Мне хотелось смеяться, да и сейчас смешно, но я тогда сдерживался, чтобы не прыснуть, и все стриг, на более слабых корнях, на тех, в которых, дескать, не булькало, я оставлял меньше почек, а на тех, в которых булькало, оставлял почек побольше. И так мы с ней прошли почти весь виноградник, кое-где мы еще слушали, но я теперь звал ее послушать только к таким корням, в которых булькало вовсю, а то мне пришлось бы стричь этот виноградник, может, и до будущей весны, а то и все семь лет — как тому рыцарю, который семь лет точил саблю. Ну, я, значит, стригу виноградник, а она вертится, собирает и уносит прутья, складывает их аккуратненько в кучу, и все кончилось бы хорошо, если бы я во время обеда не вспомнил про своего сына Яно, того, который лежит дома в кровати, и если не спит, то читает всякие бесполезные бумаги. Все уже было хорошо, все уже было так хорошо подготовлено, казалось, что будет мне кому передать в руки ножницы, как их мой дед передал моему отцу и мой отец мне, я уже знал и то, что эта вдовушка как хорошая твердая луковка, но тут я вдруг взял да в двух словах рассказал ей, что творится с моим сыном Яно. Человек, знаете, любит пожаловаться, если кто-то его слушает, вот и я надумал тоже поплакаться.

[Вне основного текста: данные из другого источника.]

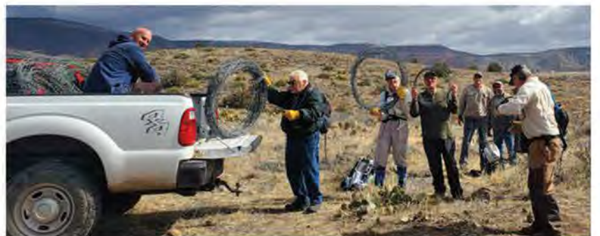
Above: Volunteers removing unnecessary fencing to allow free movement for pronghorn.
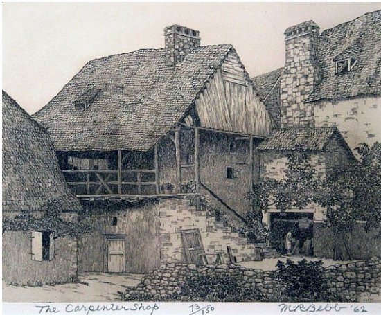
Maurice Bebb, "The Carpenter Shop," Etching, $290

— А чего? Почему это? — спросила она меня довольно громко и как-то резко.
— Чего? — не понял я.
— Ну, твой Яно.
— Да какое тебе до него дело, Бетка моя! Какое нам до него дело!.. Я рад, что сегодня у тебя так хорошо стриг виноград и могу теперь отдать тебе старые и хорошо отточенные ножницы. Может быть, ты будешь ими стричь, а может, в свой черед кому-то передашь…
Я смотрел на нее, и мне показалось, что глаза у нее стали какие-то острые, глаза у нее голубые — и я еще никогда не видел, чтобы голубые глаза могли быть такими острыми. Они были такие острые, а может, и поострее, чем мои ножницы «золингенки».
— Я действительно рад, — сказал я ей, — что ты мне позволила стричь.
— Да подожди ты, Йожко, — сказала она, — а чем твой Яно болен?
— Да не болен он.
— Что же тогда?
— Не знаю, никогда раньше с ним такого не было, только последнее время, с осени…
Я хотел сказать ей, что он, наверное, боится, прячется дома в кровати, потому что прихватывает на стороне, а дома все валяется в кровати, чтобы его Божена, значит, моя невестка, думала, что он от ее кровати ни на шаг, ведь тот, кто прихватывает на стороне, тот людям глаз не мозолит, опасается… И когда я уже собирался сказать ей это, случилось то, чего я никак не ожидал.